La gran frase motivacional de Ricardo era –“trabajo hay, si no tenés, no te va a venir a buscar a tu casa, tenés que salir a buscarlo”. Y de ésta manera llamé a todas las líneas de colectivos de la Ciudad de Buenos Aires y Gran Buenos Aires y me fui a cada una de las que me pedían que vaya, aunque volviese solamente con cansancio pero con la satisfacción de haber ido y saber que faltaba menos para llegar.

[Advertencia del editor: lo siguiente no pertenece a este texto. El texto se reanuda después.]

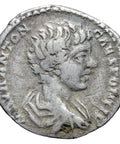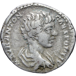 195-197 AD. Roman Empire Caracalla Silver Denarius Coin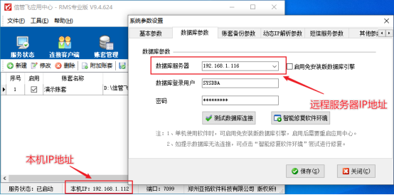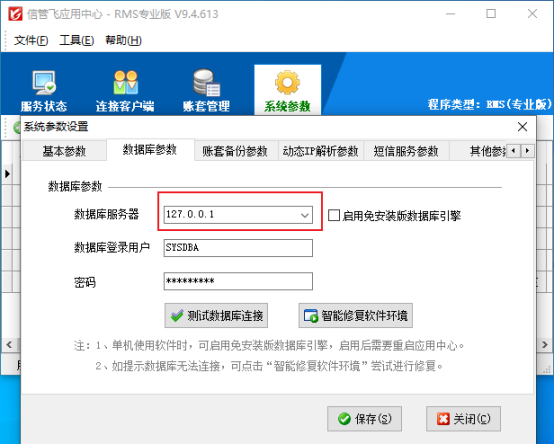 打開(kāi)應(yīng)用中心界面---系統(tǒng)參數(shù)---數(shù)據(jù)庫(kù)參數(shù)界面,數(shù)據(jù)庫(kù)服務(wù)器修改為主機(jī)本機(jī)IP地址才可以附加賬套,數(shù)據(jù)庫(kù)服務(wù)器可輸入:127.0.0.1
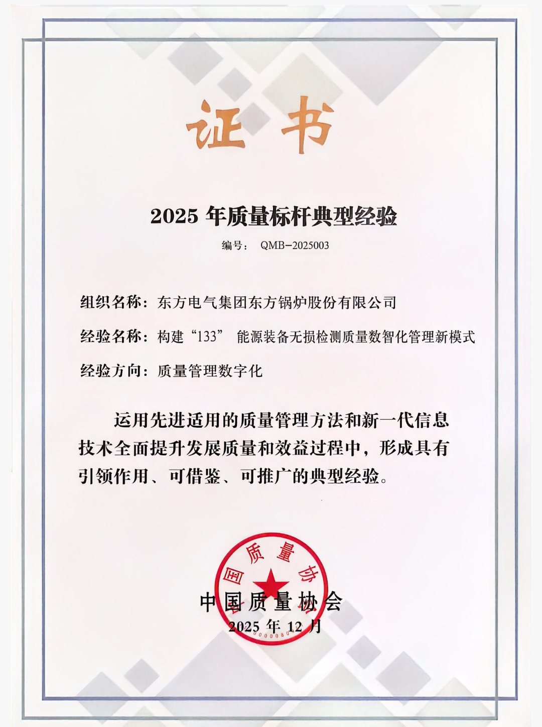¶«·½¹øÂ¯¡¶¹¹½¨¡°133¡±ÄÜÔ´×°±¸ÎÞËð¼ì²âÖÊÁ¿ÊýÖÇ»¯¹ÜÀíÐÂģʽ¡·×¤×ãÄÜÔ´×°±¸Çå¾²¿É¿¿ÐÔÒªÇó¸ß¡¢º¸½Ó½á¹¹ÖØ´ó¡¢¼ì²âÄѶȴóµÈÐÐÒµÌØµã £¬ÖÜÈ«¹¹½¨¡°Ò»¸öÄ¿µÄ¡¢ÈýÀà·¾¶¡¢Èý´óÖ§³Ö¡±µÄÖÊÁ¿¹ÜÀíģʽ £¬¾Û½¹¡°Öʼ췽·¨Êý×Ö»¯¡¢ÖʼìÀú³Ì×Ô¶¯»¯¡¢Ð§¹ûÆÀ¶¨ÖÇÄÜ»¯¡±Èý»¯Í»ÆÆ £¬Ê¹ÖÊÁ¿¿ØÖÆ´Ó¡°È±Ïݼì²â¡±Ïò¡°Î£º¦Ô¤·À¡±¡¢´Ó¡°ÂÄÀúÅжϡ±Ïò¡°ÖÇÄܾöÒ顱ϵͳԾÉý¡£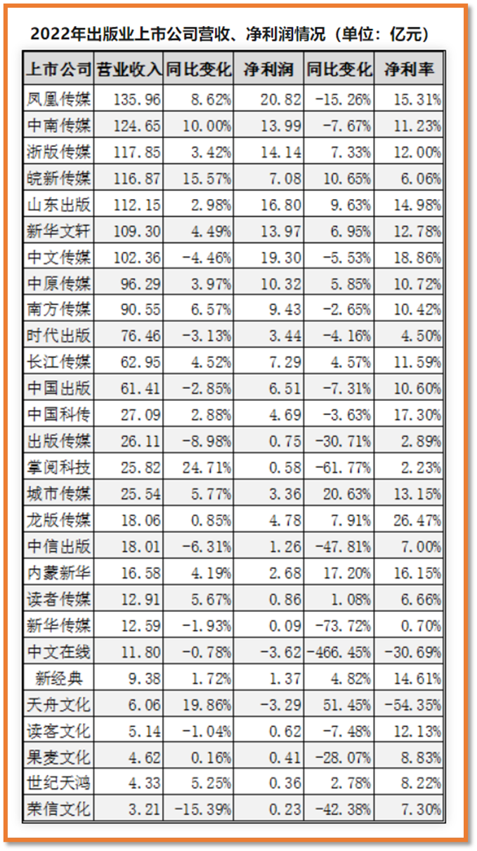 從2022年28家在A股上市的出版企業(yè)財報來看該行業(yè)的特征,就是營收規(guī)??赡芎艽?,但凈利潤表現(xiàn)中位數(shù)多數(shù)在10%上下,不算高,賺的是辛苦錢。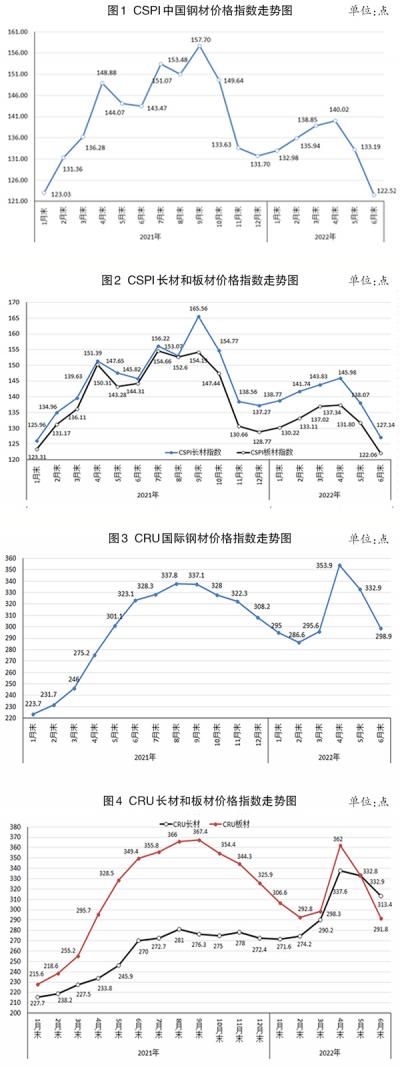 1月—6月份,CSPI长材指数平均值为139.26点,同比下降1.53点,降幅为1.09%;CSPI板材指数平均值为131.92点,同比下降6.28点,降幅为4.54%,比长材高3.45个百分点。

Siempre incito a mis alumnos a animarse ya que muchas veces creen erróneamente que es difícil la realización pero es un oficio sistemático, no es para cualquiera, pero todos los alumnos llegan a resultados sorprendentes, se puede corregir y borrar.
Lo interesante es saber ver que hay trabajo porque cada uno tiene su idiosincrasia, sus gustos y su cultura, lo que nos hace únicos en el camino del fileteado y de la expresión. Y si fileteamos lo mismo cada uno lo hará a su manera, diferente, como una firma.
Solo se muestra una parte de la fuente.